Im Veedel: Auf der Suche nach der kölschen Seele
Es wird wieder urig: Im Früh em Veedel treffe ich auf eine echte kölsche Seele in Form von Karl Schroeders. Der Mann mit dem markant gezwirbelten Schnauzbart ist der Zappes (Zapfkellner) der Eckkneipe, in der Literaturnobelpreisträger Heinrich Böll sein erstes Bier getrunken hat. Heute treffen sich Kölner aus allen Veedeln und Milieus in der Kneipe.
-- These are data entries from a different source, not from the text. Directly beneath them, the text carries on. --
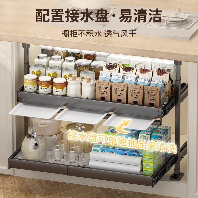 厨房免打孔拉篮橱柜可抽拉碗篮调味篮嵌入式衣柜拉篮家用碗架子
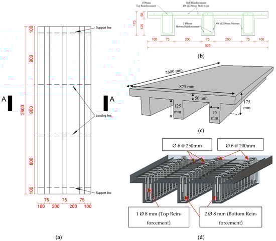 Details of control specimen S-C (dimensions are in mm): (a) plan view showing concrete dimensions; (b) section (A-A) showing concrete dimensions and steel reinforcement in ribs and top slab; (c) isometric view showing concrete dimensions; (d) isometric view of reinforcement.
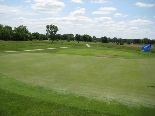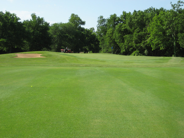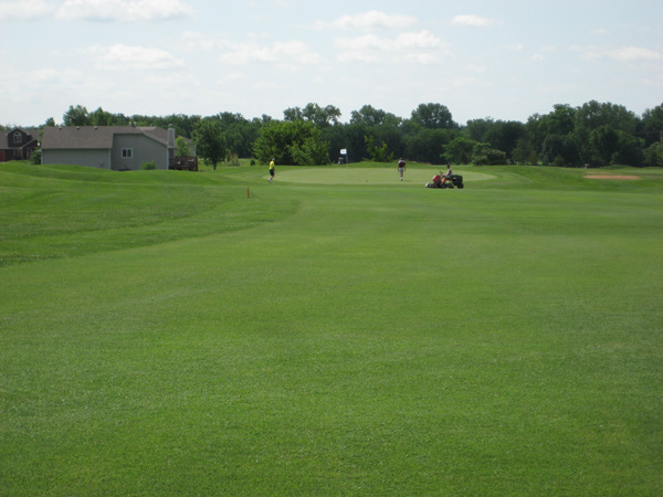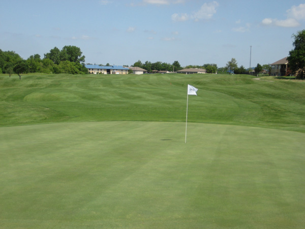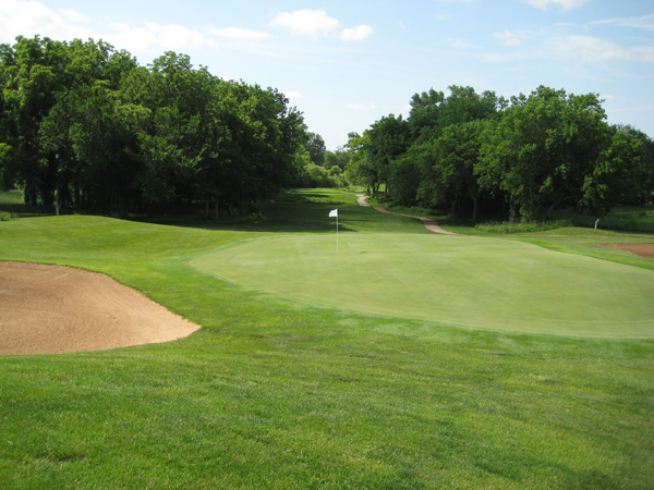 The youth program is thriving. As I teed off on number one, a bunch of elementary and junior high students were busy on the practice putting green. The course is usually open year round, but this past year the drought forced closure for several months. The course has a good reputation, with strong out-of-area visitors who come to play. Jim makes a good promotional effort to keep play up. SCROLL DOWN for a player's view of this golf course.
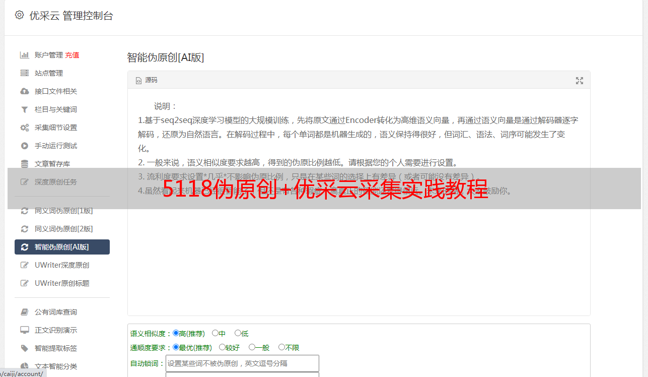 在优采云采集器中,利用5118智能原创插件,不再须要经过人工处理,即能批量生产出内容指纹完全不同的文章,大幅提升了内容SEO采编的工作效率,让文章更容易被收录。
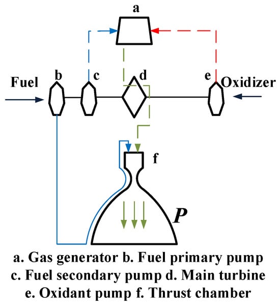The rocket engine model shown in Figure 2 mainly consists of the main turbine pump, a pre-pressurized turbine pump, a gas generator, a thrust chamber, valves, piping, and other components, liquid oxygen through the oxygen pre-pressurized turbine pump, the oxygen main pump, and the liquid oxygen main valve into the gas generator; the generator produces a high-temperature oxygen-rich gas to drive the main turbine after the gas conduit into the combustion chamber after the make-up combustion [10]. Fuel kerosene is pressurized by the fuel pre-pressure pump and the fuel primary pump and divided into four ways, most of which enters the combustion chamber through the cooling channel of the thrust chamber, a part of which flows into the gas generator and the ignition path of the thrust chamber after increasing the pressure by the fuel secondary pump, another part of which drives the fuel pre-pressure pump and then flows into the main path, and the last part of which drives the servo mechanism.

Ich bemerke, dass diese ganz ohne Musik auskommt und zahle für mein Kölsch nur 1,40 Euro. Man „klönt“ unter sich und „palavert“ mit Fremden, wie die Gesprächsführung auf Kölsch in feiner Differenzierung umschrieben wird. So wird mir direkt erläutert, dass hier das Bier selbst an wildesten Karnevalstagen in Gläser fließt – und nicht in Plastikstangen. Manchmal gibt’s dann aber doch Musik: Weil ich allein komme, werde ich wieder mit den Bläck Fööss empfangen: „Drink doch ene mit“. So wird der Genuss von Kölsch zum verbindenden Element.
Mein Fazit: Kölns Brauhäuser und Kneipen sind das genaue Gegenteil von verstaubt – jedes ist auf seine eigene Weise charmant, traditionell oder modern. In jedem Fall voller Charakter und jeder Menge gutem Kölsch.